More pain today for shorts.
I was out all day at the parks with my kids. A balmy 56 degrees after a long winter is hard not to jump at.
This garbage rally - garbage rallying on garbage news and garbage logic - will surely fade. It's going to take some time though. By my rough count, there were 4 bullsh*t rallies last year, all of which retraced. I rode out every one of them with heavy losses followed by moderate-substantial gains.
In a mere 8 trading days, the FAZ - the triple-short financials ETF - has gone from an intraday high of 115 to today's close of 26.
Incidentally, I doubled up my position at 26.15 in the after-market.
I messed up in GE today. Yesterday, after the close, I tried to buy some March 9 puts. Curiously, I wasn't getting filled. I figured my brokerage had some BS rule about trading options after the close.
So this morning, I went back in. Paying .13 for what I tried to buy yesterday.
Later on, I noticed that my order from yesterday they held until this morning - and executed on the open. So I ended up with twice as many now-worthless puts as I wanted.
When it rains, it pours.
Hopefully I'll get some money back in the next few weeks as I've got to pay my taxes for last year pretty soon.
[Today the Fed had some BS meeting where it said it was going to *buy* long term Treasuries - with more debt!]
The FOMC statement was full of surprises, albeit in the Fed's typical bland language. The Fed committed itself to buying another $750 billion this year in mortgage-backed securities issued by "agencies" like Fannie Mae and Freddie Mac, on top of the $500 billion it had already committed to buying.
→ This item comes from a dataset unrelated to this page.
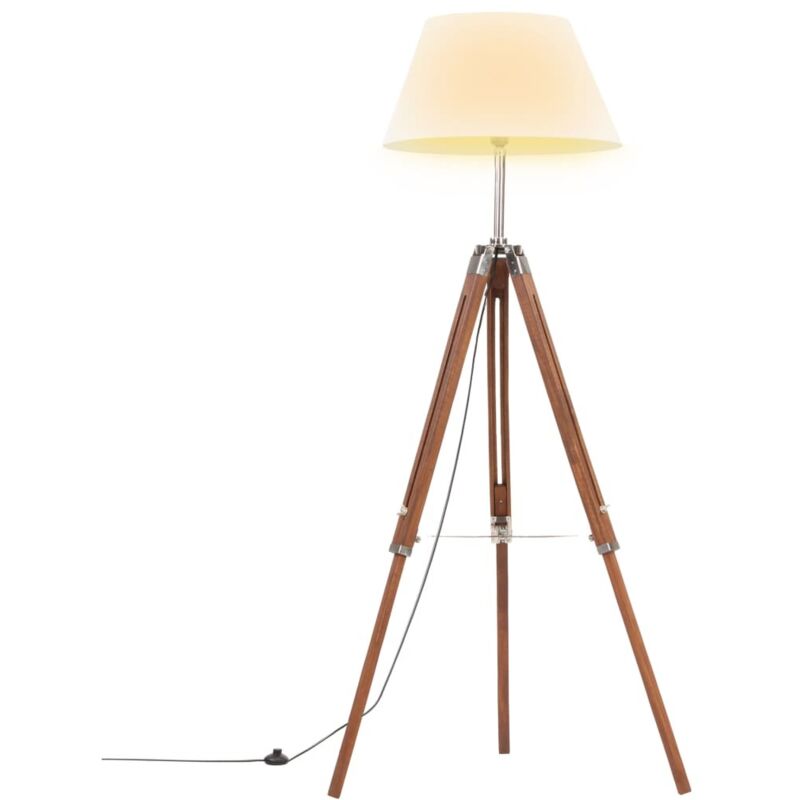 Illuminate il vostro spazio abitativo con la nostra lampada da terra a treppiede in stile retrò! Questa lampada a faretto dal design vintage attira l'attenzione in ogni interno. La lampada è dotata di una base a treppiede sormontata da un paralume. Le gambe sono realizzate in legno massello di teak, garantendo una tenuta sicura. È possibile regolare l'altezza da 100 cm a 141 cm in base alle proprie esigenze. È dotato di un interruttore on/off sul cavo per facilitarne l'uso. La lampada da terra ha un attacco E27 per una lampadina da massimo 25 watt. Potete scegliere e installare lampadine E27 con vari colori di luce. Nota: le lampadine non sono incluse. Colore base: Marrone miele Colore paralume: Bianco Materiale: Legno massello di teak, metallo Dimensioni: 64 x 59 x (100-141) cm (L x P x A) Diametro paralume: 26 cm / 44 cm Lunghezza del cavo: 180 cm Alimentazione: 220 - 240 V~, 50Hz Potenza (max): 25 W Tipo di attacco: E27 Con interruttore a pedale Regolabile in altezza La lampadina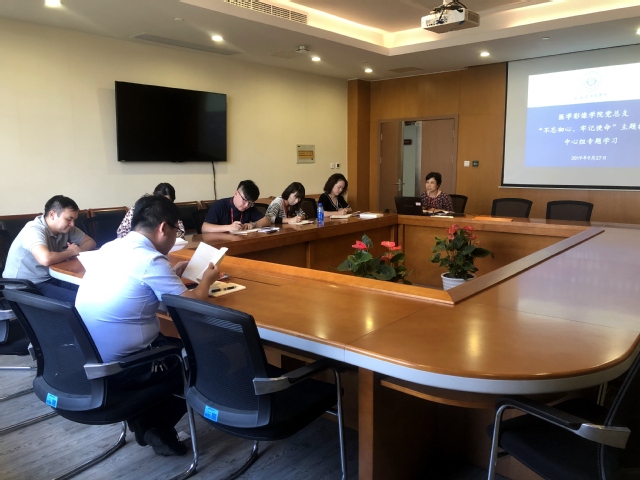 9月27日中午,医学影像学院党总支在南苑影像楼310会议室举行“不忘初心、牢记使命”主题教育中心组第二次学习研讨会,学院党总支书记刘红主持,党总支中心组成员参加学习研讨。

It doubled to $200 billion the amount of agency debt it will buy this year.
And in a surprising change of direction, the Fed said it will buy $300 billion of longer-term Treasury securities. Up until now, Federal Reserve Chairman Ben Bernanke had said there was no need for the Fed to buy Treasuries since there was a strong market for them already. The Fed's new thinking seems to be that it can't hurt to try a little Treasury buying in hopes that the money will trickle down to non-Treasury securities. It said the goal of the Treasury purchases is "to help improve conditions in private credit markets."
Who amongst y'all believes our government at all capable of improving the economy?
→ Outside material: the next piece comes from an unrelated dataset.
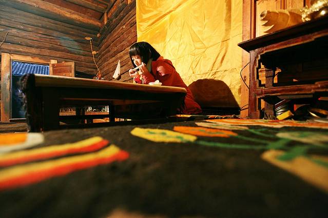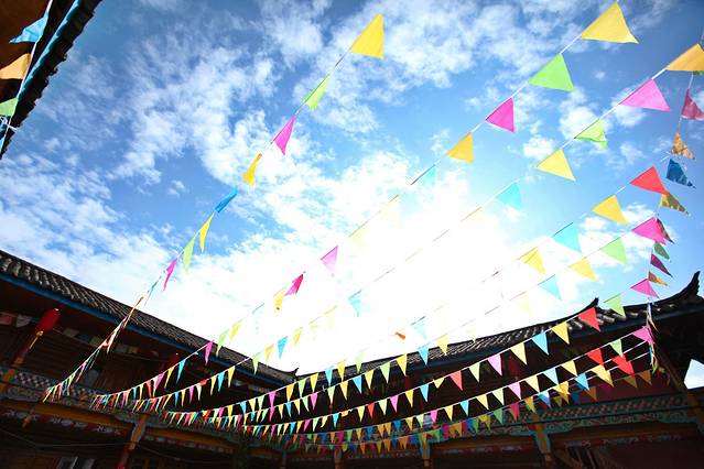 然后就在此刻,同行闺蜜突然接到家里的电话,因为一些不可抗拒的突发状况而必须此时就即可返回上海。我犹如晴天霹雳般却又强作坚强地一边安慰她,一边帮她出谋划策,最后终于在司机大叔的帮助下找到辆小巴即刻返还丽江在搭机取道杭州回上海。与此同时,从来没有试过独自旅行的我正在忐忑地不断说服和鼓励自己面对这样一个局面,脑海里迅速地想象一个人走整个行程可能遭遇的各种事情以便做足心理准备,匆匆地扒了几口饭,几乎是魂不守舍地坐回大巴上。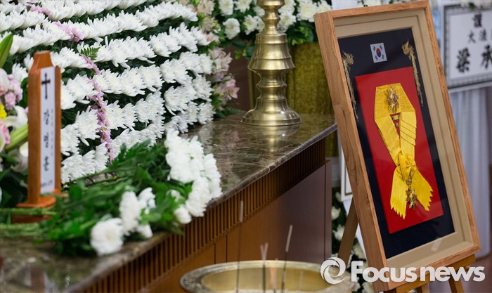 (서울=포커스뉴스) 10일 오후 서울 송파구 서울아산병원 장례식장에 마련된 故 강영훈 전 국무총리의 빈소에 국민훈장 무궁화장이 놓여 있다.

They've thrown everything including the kitchen sink at the markets in the past year or two and what exactly has it wrought besides a bunch of great *shorting* opportunities?
2 comments:
the first chart you have on this post looks like the classic head-and-shoulders is forming. It won't be long now. How's that pun?
You won't believe this movie I'm working on - crazy. It's seems like almost everyone involved has an academy award!
Personally, I would love to be a trader - lumps and all.
"head-and-shoulders"?
Really?
It felt like a *hands-grabbing-ankles*!